I came to Chicago to go to a doctoral program in child psychology. After two years, I kind of got burned out and wanted more of a challenge. I got an interview at Leo Burnett with a group called “KidLeo,” which is a kid consultancy group. I got the job, and then spent two years just working exclusively on kid brands. I now work on Beck’s beer. So graduate school to advertising.
How did that segue happen from children to Beck’s Beer? It seems pretty large.
In advertising, we’re always working on new and different accounts to stay fresh. I wanted a new challenge, so I went to Rick Houghton-Larsen, the head of planning here at Burnett, and he was kind of looking for opportunities for me. For a while, we worked on Beck’s together. They do a good job here of expanding your opportunities. You don’t want to stay on one account for too long.
Given you spent a couple years in graduate school in child psychology, you probably have a pretty good foundation in psychology.
Absolutely. And it’s invaluable. It’s incredibly helpful. It’s the study of human nature. It’s what I do as a planner—understanding what motivates people, what core needs they have, how certain things kind of fit into their lives.
And you’ve been with Leo Burnett now how long?
And you’ve been working outside the children’s advertising department for about a year-and-a-half or so, is that right?
KidLeo is a consultancy group. So I did that for about two years, and then I worked on Kellogg’s as well. I ran a Kellogg’s kid cereal brand—Burnett handles all of Kellogg’s advertising. And now I work on Beck’s.
So what are your responsibilities as a planner?
In terms of tangible things, we write strategic briefs, we write positionings—how we position a brand. We do a lot of research. Mainly it’s just understanding consumers: who they are, what they’re about in a really nuanced way, but then more importantly, what certain brands mean to consumers. For example, what does Fruit Loops mean to a six-year-old? What does Beck’s Beer mean to a guy who’s twenty-five or twenty-six? How is it distinct from other beers or other brands?

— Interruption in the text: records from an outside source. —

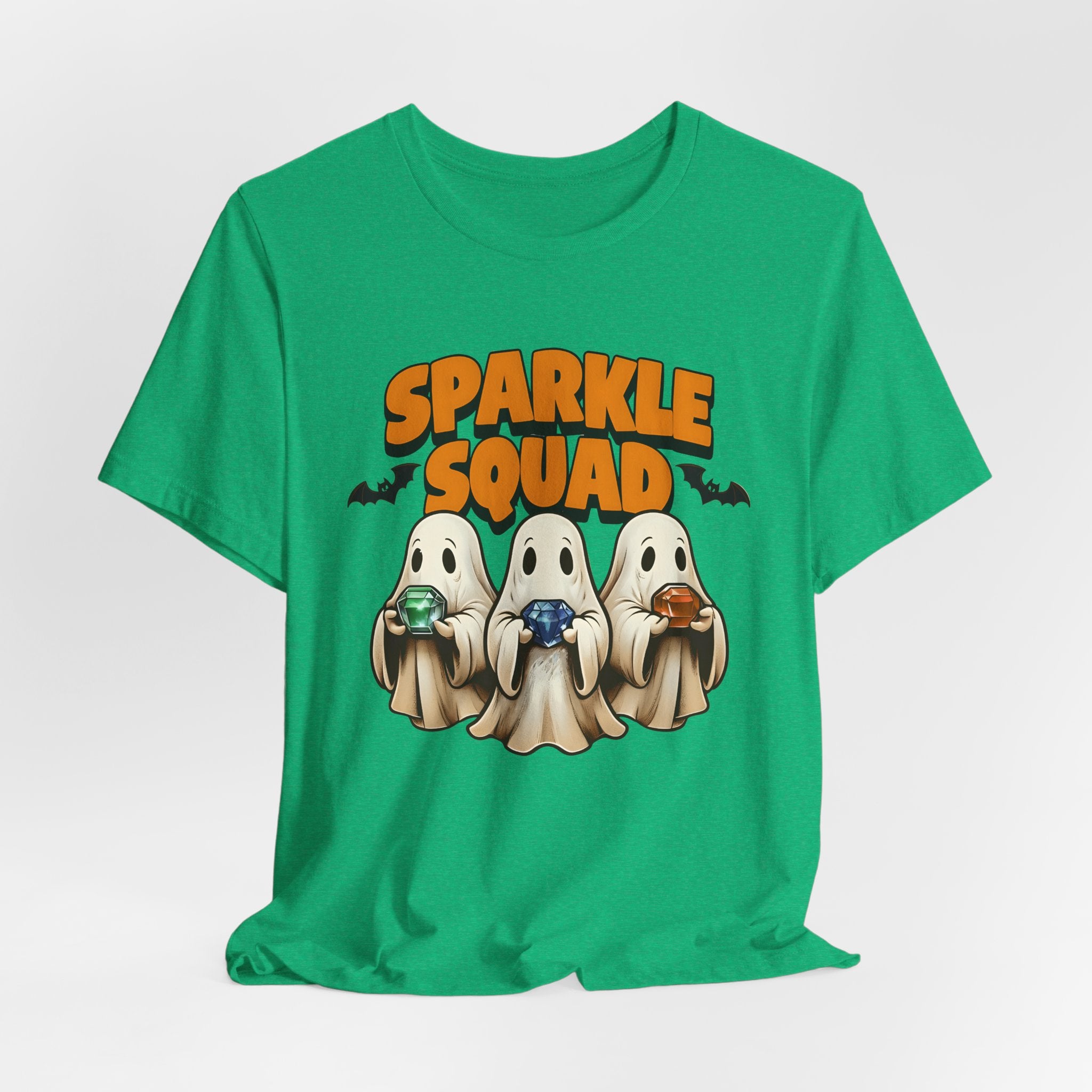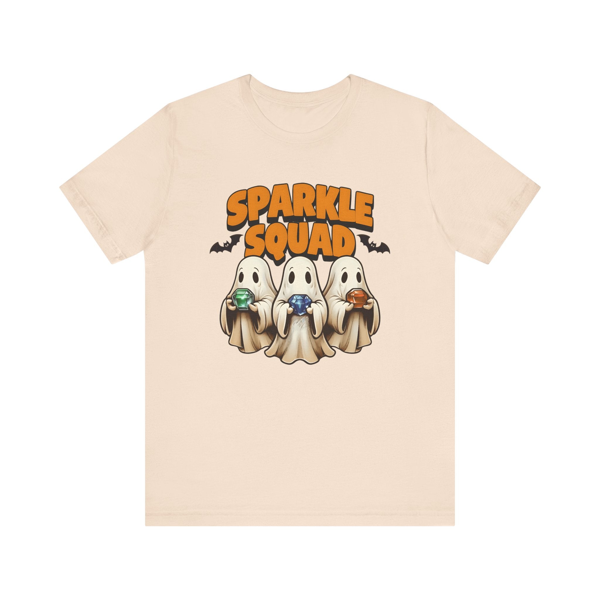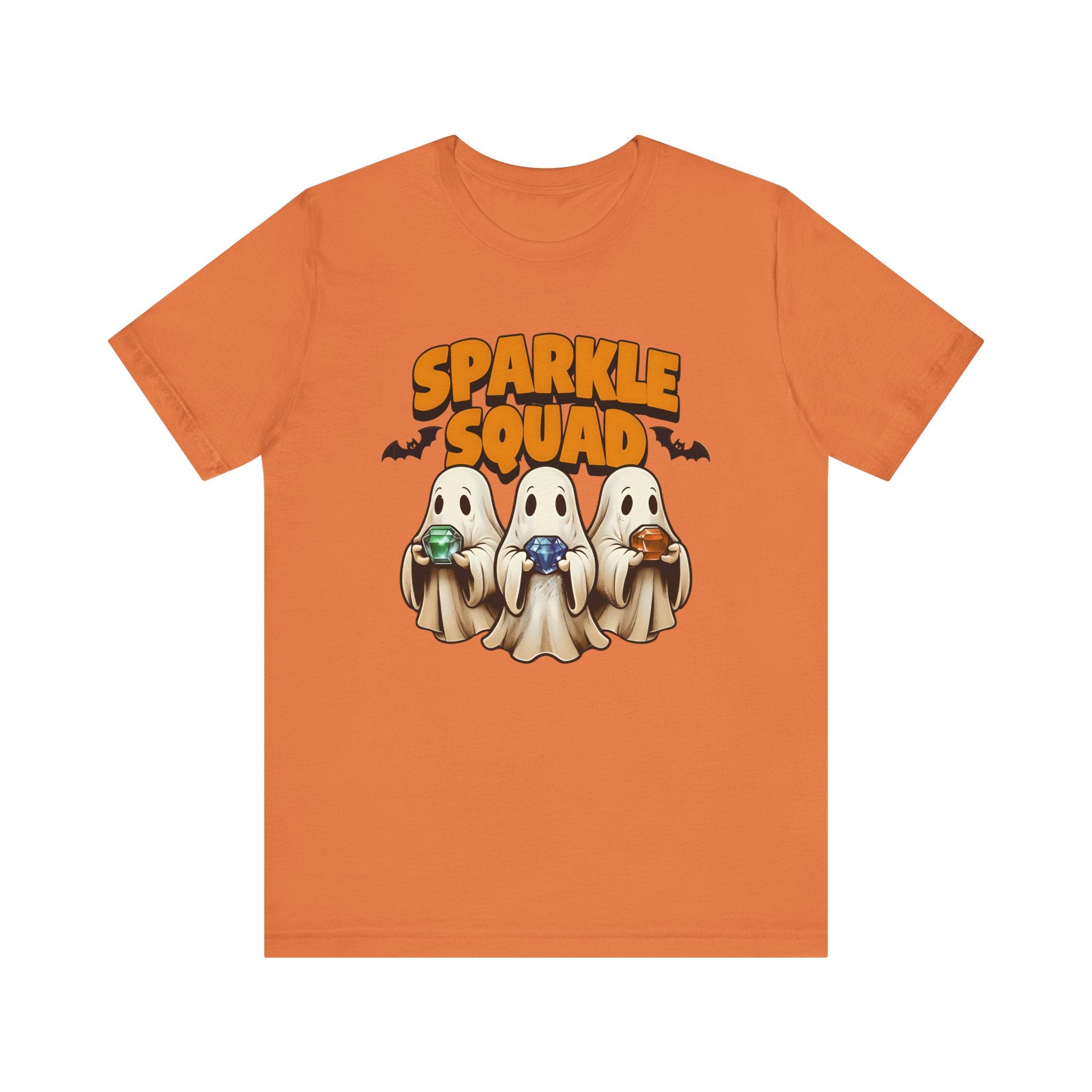 Embrace the spooky vibes with this adorable Unisex Jersey Short Sleeve Tee, perfect for the Halloween season. Featuring a charming 'Sparkle Squad' graphic, this tee captures a playful essence that brings joy to both kids and adults alike. It's an ideal choice for Halloween parties, trick-or-treating, or casual outings with friends. This festive addition to your wardrobe combines style and comfort, making it suitable for everyday wear or special celebrations. Whether you're a ghost lover or just want to showcase your fun side, this tee is designed for everyone who enjoys a touch of whimsy in their fashion. It's also a great gift for friends, family, or anyone looking to get into the Halloween spirit!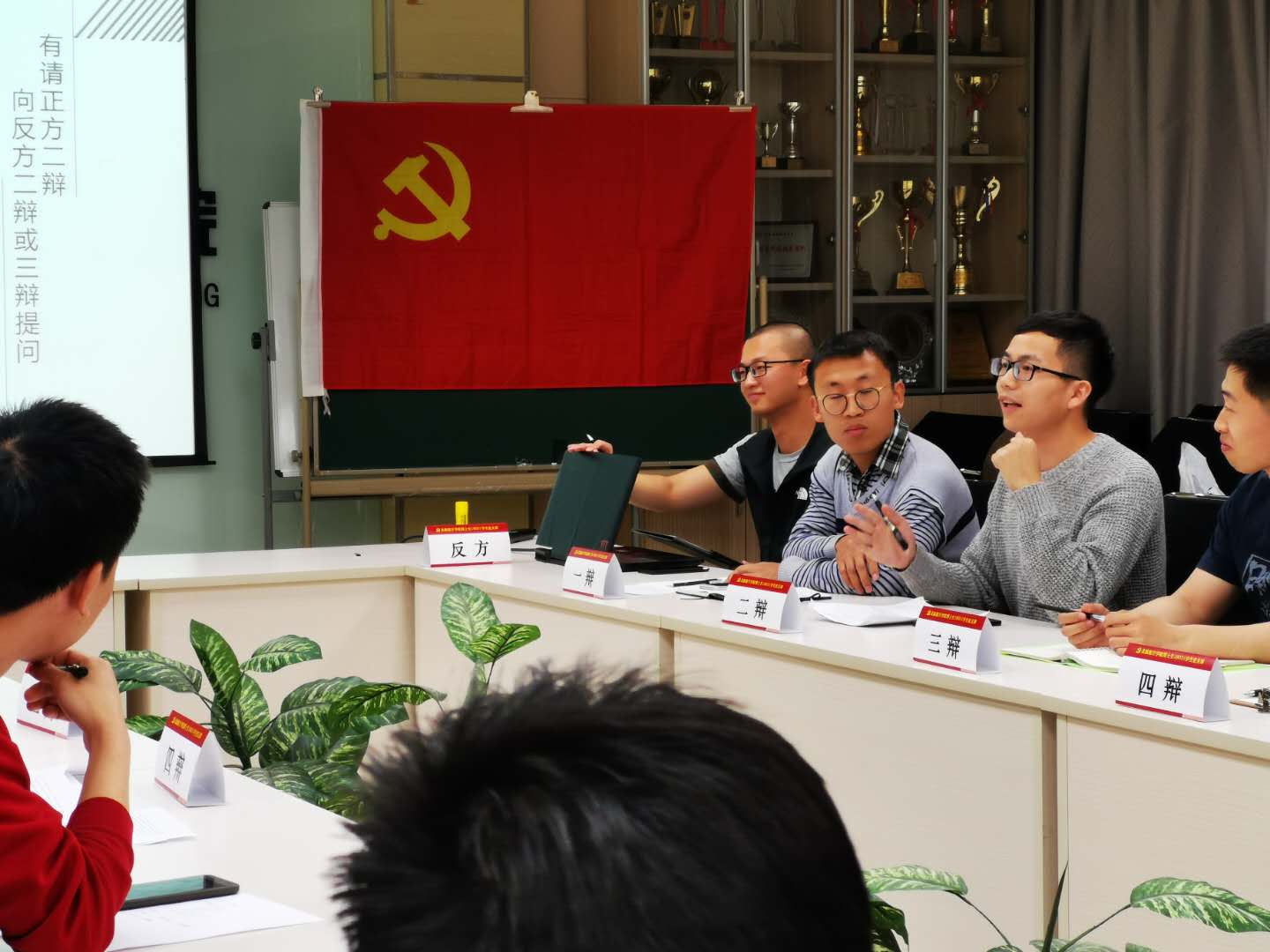 辩论赛过程中论题两方各持己见,在立论、攻辩和自由辩论环节中各位辩手思路清晰、唇枪舌战。双方紧凑的攻辩使现场气氛高涨,迎得了观众的阵阵笑声和掌声。支部观赛的同志也对辩论赛发言内容认真笔记,并在自由辩论环节积极参与进一步阐述本方所持观点。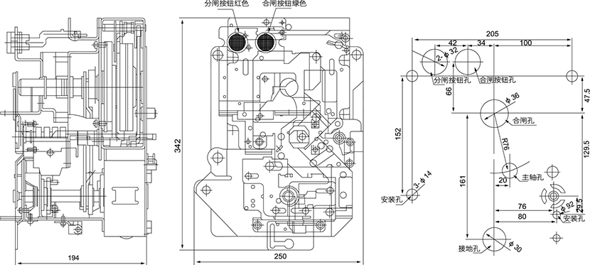 三、彈簧扣動(dòng)機(jī)構(gòu)外形及安裝尺寸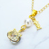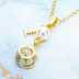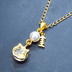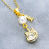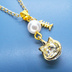可愛い猫フレーム(ゴールドカラー)のスワロフスキー(9色選択)とスワロパールのネックレス 魚のチャーム 長さ調整可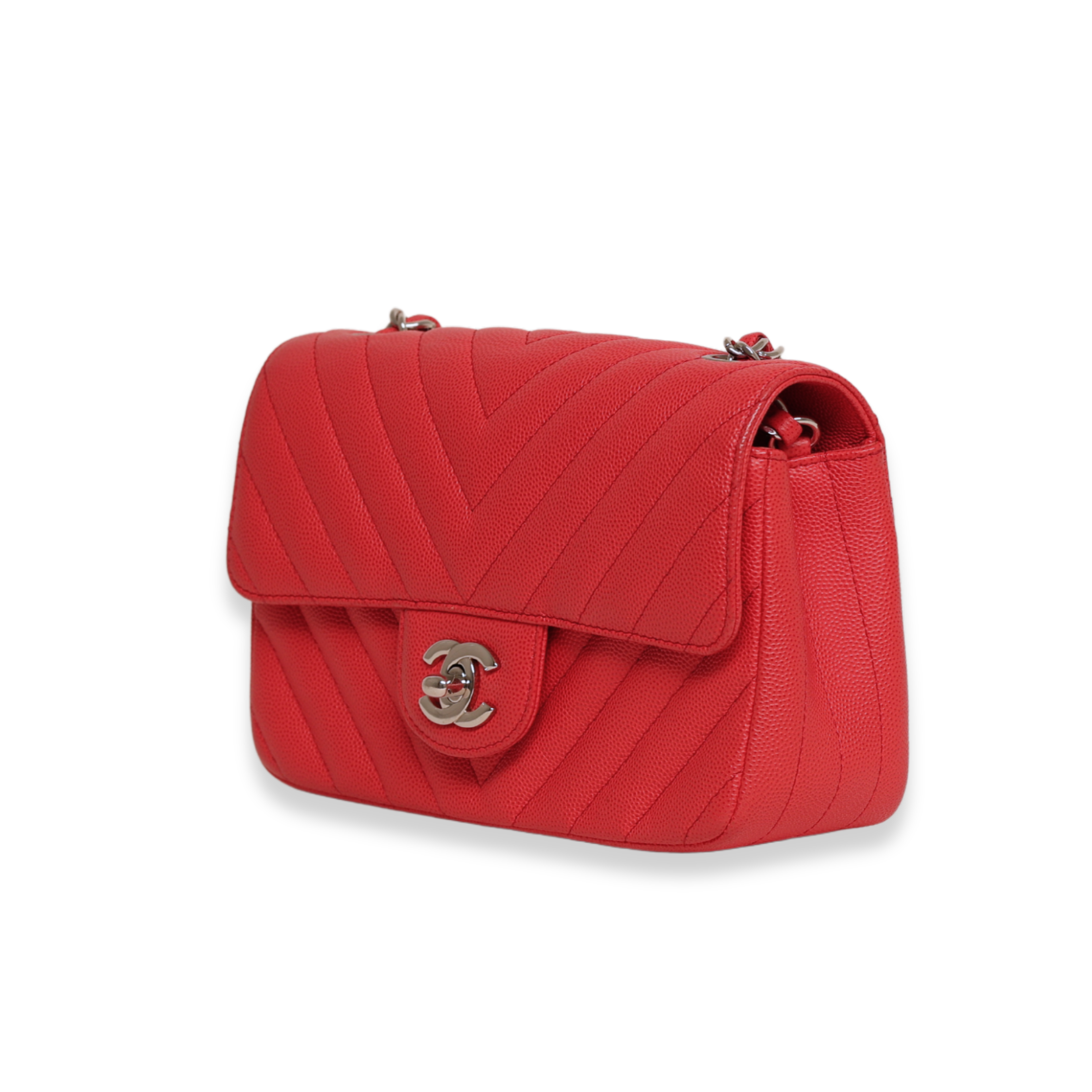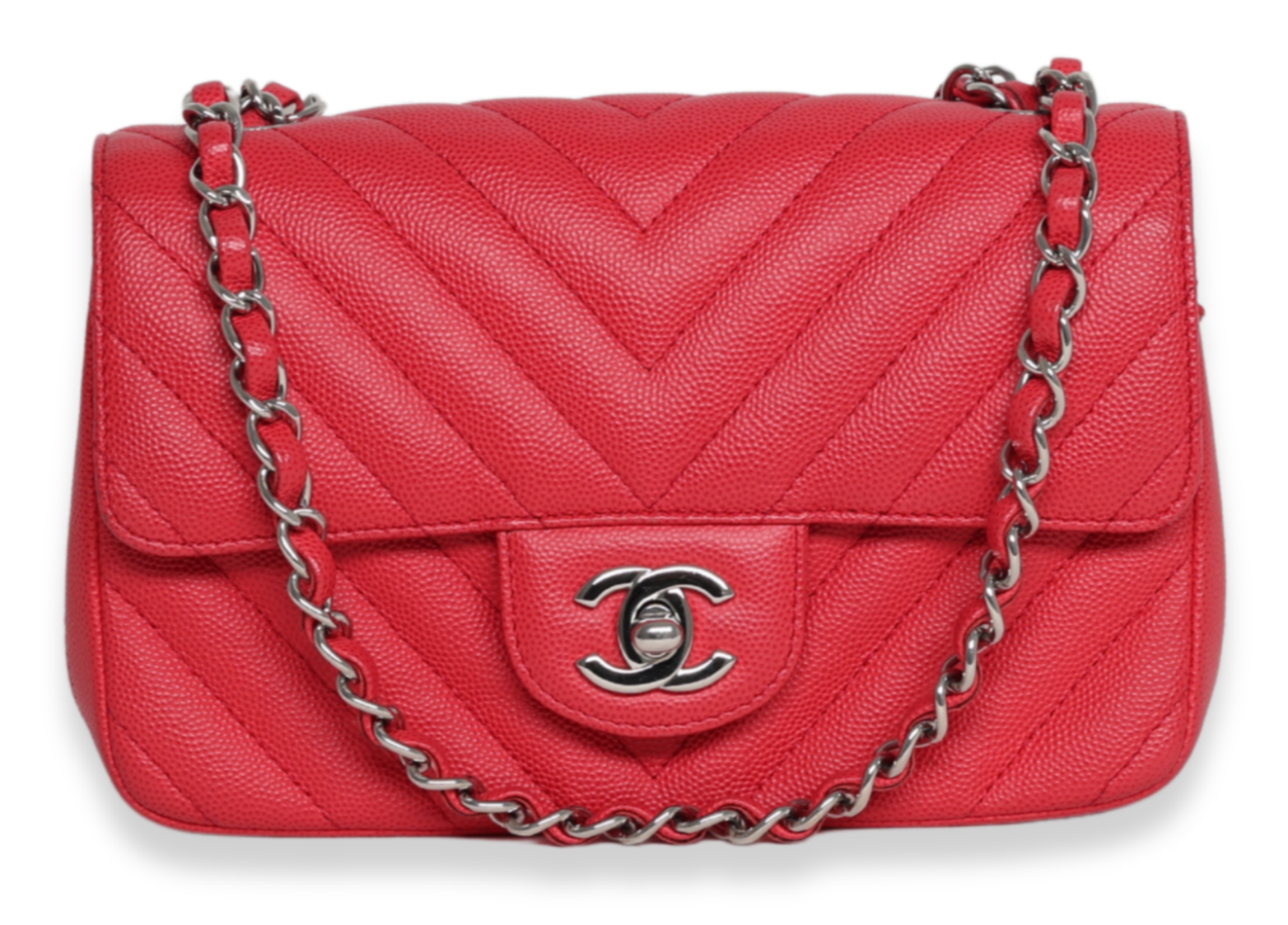 Chanel - Caviar Chevron Quilted Mini Rectangular Flap Red (Pre-Owned)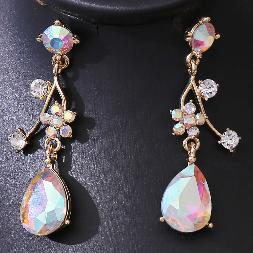 Delicado Conjunto De Brincos Glamourosos Gargantilha Colar Strass Elegante Jóias De Noiva Para Dama De Honra Ocasião For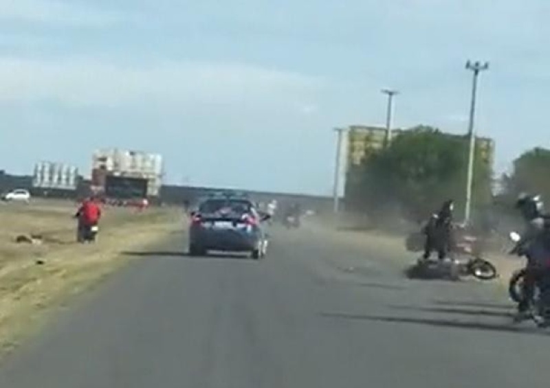 En el video que se volvió viral entre los internautas se puede ver como una cantidad de motoqueros iba por la autopista de Santa Fe. Estos eran seguidos a un costado por patrulleros.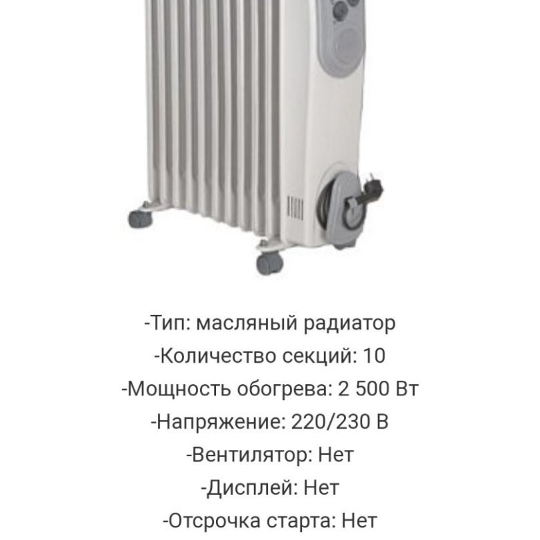 Корпус и ребра нагревателя заполнены диатермическим маслом. «Должен ли я долить масло?» — наиболее часто задаваемый вопрос о масляных обогревателях. Нет, масло в маслонаполненном радиаторе доливать не надо, — говорится в ответе. Оно никогда не заканчивается, потому что масло используется не как топливо, а как резервуар тепла. Он просто циркулирует через нагреватель в течение всего времени использования.
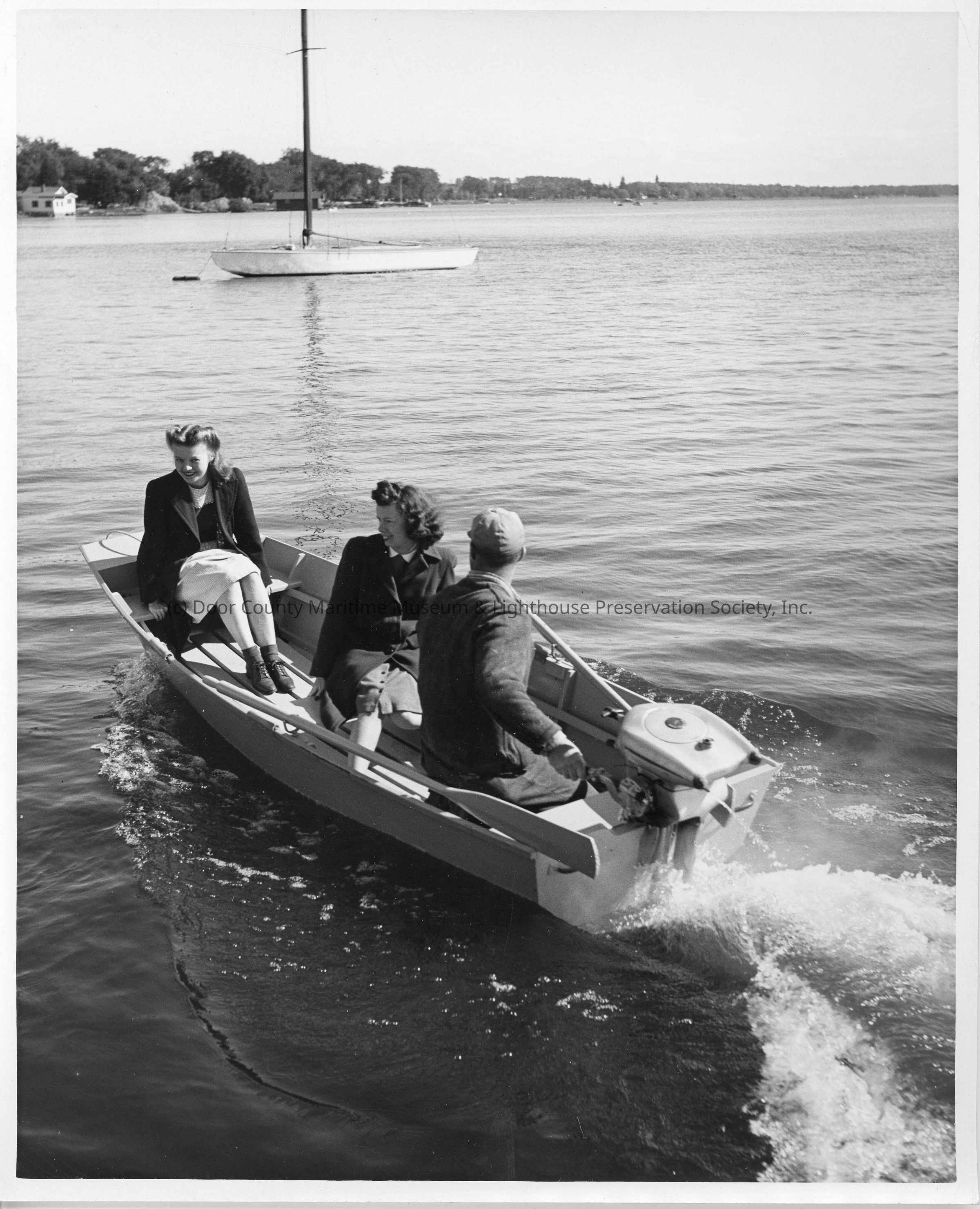 Three people in blunt nose rowboat with outboard motor underway October 11, 1944

How closely do you work with the creative side?
Really closely. There’s a shift. I think a lot of traditional planners, before I got into the industry, were very much research-focused, very much about pulling down large masses of qualitative and quantitative data, and then distributing it to people in the team. Whereas now, in our agency, I’m much more involved in coming up with creative ideas, really getting the ball rolling, bringing fodder to the table, be it through movies or popular media, books, videotapes of consumers—really creative ways of bringing ideas to life. Much less research-focused.
Do the creatives welcome you, or do they say, “We’ve got our vision and don’t mess with us.”
It depends. My belief is that all creatives would welcome planning. But it’s a matter of breaking down. If it’s an older creative and they’ve been here a long time, you have to kind of break through that stereotype of, “Let me do my thing. You do your thing, which is research.” No, we’re not researchers. We’re here to help you. My experience has been that...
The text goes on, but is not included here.